# Adoniram Judson's Gospel Tract, Still Used Today



## Pergamum (Sep 25, 2013)

GULF COAST PASTOR: Adoniram Judson's Gospel Tract, Still Used Today

Truth never goes out of style.

I also liked Dr. Eitel's comments on evangelism by pointing out differences rather than trying to mke Christianity almost look the same as pagan religions:



> FORT WORTH, Texas (BP) -- In 1816, Adoniram Judson, a legendary Baptist missionary to Burmese Buddhists, completed a tract that still brings Christ's light to a dark world and challenges 21st century missionaries to rethink their methods.
> 
> This summer, Judson's tract once again made it into the hands of Buddhists when professors and students from Southwestern Baptist Theological Seminary proclaimed the Gospel in Chiang Mai, Thailand.
> 
> ...









> The tract also displays an evangelistic method that flies in the face of many 21st century theories about how to communicate the Gospel across cultures.
> 
> "In order to soften the apparent idea of Christ's exclusivity, some missiologists have borrowed cultural anthropology's techniques and employ a comparative model to communicate the biblical message cross-culturally," Eitel said. "The intent is to build from points of apparent similarity to apparent points of contrast in order to communicate the Gospel."
> 
> ...


----------



## Mushroom (Sep 25, 2013)

So, is there a source where we can read the entirety of the tract?


----------



## Pergamum (Sep 25, 2013)

I am still looking. If you find it before I do, can you link it or post it here?


----------



## reaganmarsh (Sep 25, 2013)

I second the request for a link, if possible! Thanks for bringing this our attention.


----------



## Mushroom (Sep 25, 2013)

Maybe here?


----------



## adamjthompson (Sep 30, 2013)

Great tract, until the end of part 1:



> "About one or two hundred years hence the religion of Boodh, or Brahma, of Mahomet, and of Rome, together with all other false religions, will disappear and be lost, and the religion of Christ will pervade the whole world; all quarrels and wars will cease, and all the tribes of man will be like a band of mutually loving brothers."

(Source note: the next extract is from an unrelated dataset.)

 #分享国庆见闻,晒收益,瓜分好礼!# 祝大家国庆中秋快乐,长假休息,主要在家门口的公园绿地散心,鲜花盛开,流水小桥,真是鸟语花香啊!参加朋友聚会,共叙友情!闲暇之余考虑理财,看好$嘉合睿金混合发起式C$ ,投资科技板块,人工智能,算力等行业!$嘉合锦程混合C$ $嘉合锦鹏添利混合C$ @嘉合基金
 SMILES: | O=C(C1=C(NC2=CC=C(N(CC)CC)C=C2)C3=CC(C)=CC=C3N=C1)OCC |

What might cause him to make such a bold statement with no Biblical or practical foundation?


----------



## Pergamum (Sep 30, 2013)

Postmillenial optimism.

Don't you believe that the religion of Christ will one day pervade the whole world?


----------



## adamjthompson (Oct 1, 2013)

Pergamum said:


> Postmillenial optimism.
> 
> Don't you believe that the religion of Christ will one day pervade the whole world?

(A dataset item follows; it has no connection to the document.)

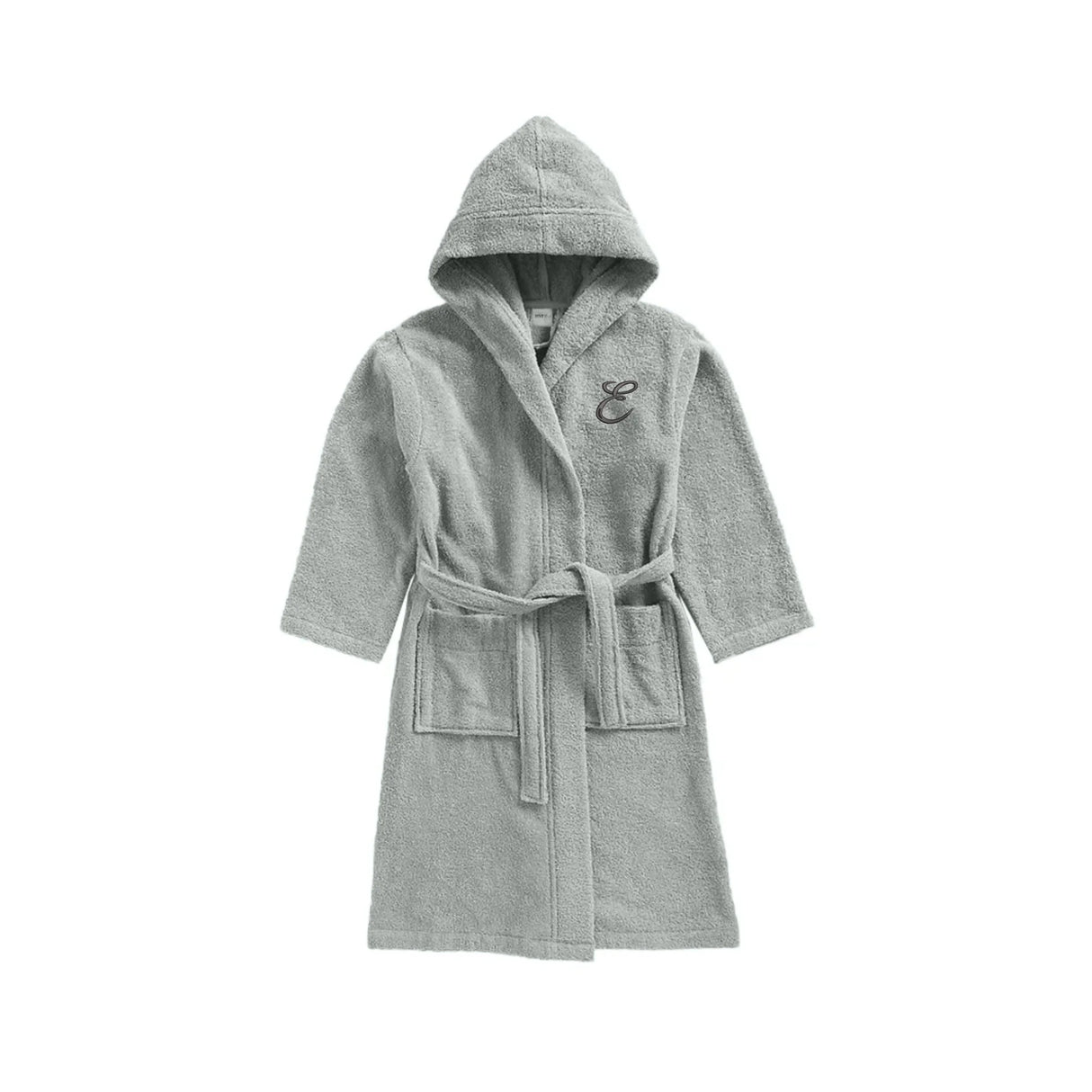 رداء حمام بغطاء رأس للأطفال من BYFT Daffodil | حرف E أحادي اللون | قطن ناعم ومريح

But to claim all other religions will cease and be lost (presumably before Christ's return), and to put a timeline on when it will happen?


----------



## Pergamum (Oct 1, 2013)

Yes...a tad bit over-optimistic.


----------



## Andres (Oct 1, 2013)

Pergamum said:


> Don't you believe that the religion of Christ will one day pervade the whole world?



I'm amill and I believe this too! (just after Christ's return)


----------